Target fell nearly 30% from the start of the year to its low point in March as the coronavirus outbreak deepened and shoppers reined in spending on discretionary items in favor of essentials. Though a decline in sales of higher-margin items like apparel as well as coronavirus-related costs weighed on first-quarter performance overall -- net earnings fell 64% -- investors appreciated the company's digital performance.
Target's first-quarter digital comparable sales surged 141%. April was the biggest month, with digital sales climbing 282%. Order pick-up, drive up, and same-day delivery service Shipt posted a 278% gain.
Prior to the coronavirus crisis, Target's digital business was already making impressive gains. In 2019, Target increased digital sales more than 25% for the sixth straight year. Then growth in the first quarter helped the business leap ahead. On its earnings call, Target said it didn't expect digital volumes of that level for another three years.

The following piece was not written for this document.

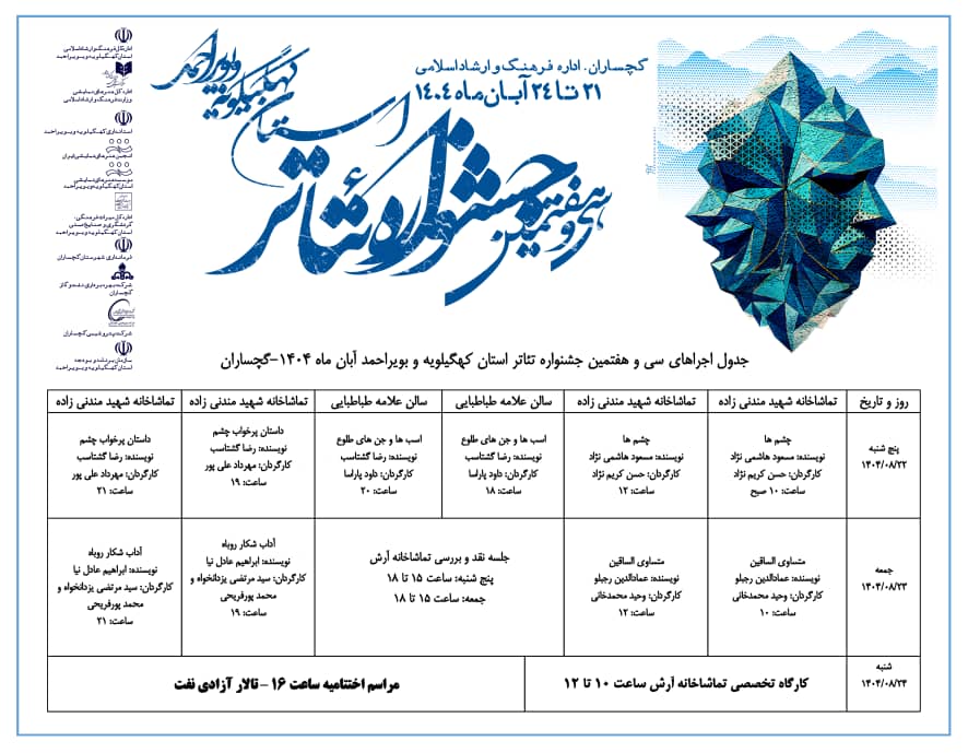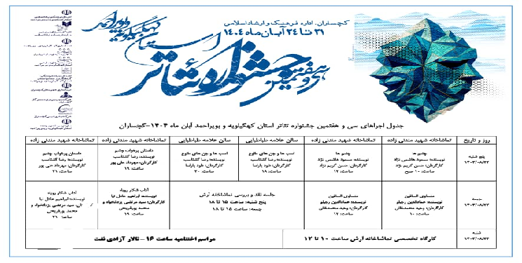 جدول اجراهای سی و هفتمین جشنواره تئاتر کهگیلویه و بویراحمد منتشر شد

Though the return of customers to stores may mean less growth in digital than we saw in the first quarter, Target still may maintain a good deal of digital momentum. That's important considering the consumer's growing interest in shopping online. U.S. e-commerce retail sales are expected to grow 64% from last year to nearly $600 billion in 2024, according to Statista.
As shoppers return to their usual buying habits, we should be on the lookout for information about Target's sales in apparel and other higher-margin discretionary categories. The company said it saw gains in these areas in mid-April, which is already a positive sign.
Also in April, Target said store traffic increased, and digital growth continued at rates between 200% and 300%. Even maintaining a small portion of the gains in digital and pickup/delivery would be great news and may be a positive catalyst for this retail stock's performance in the months ahead.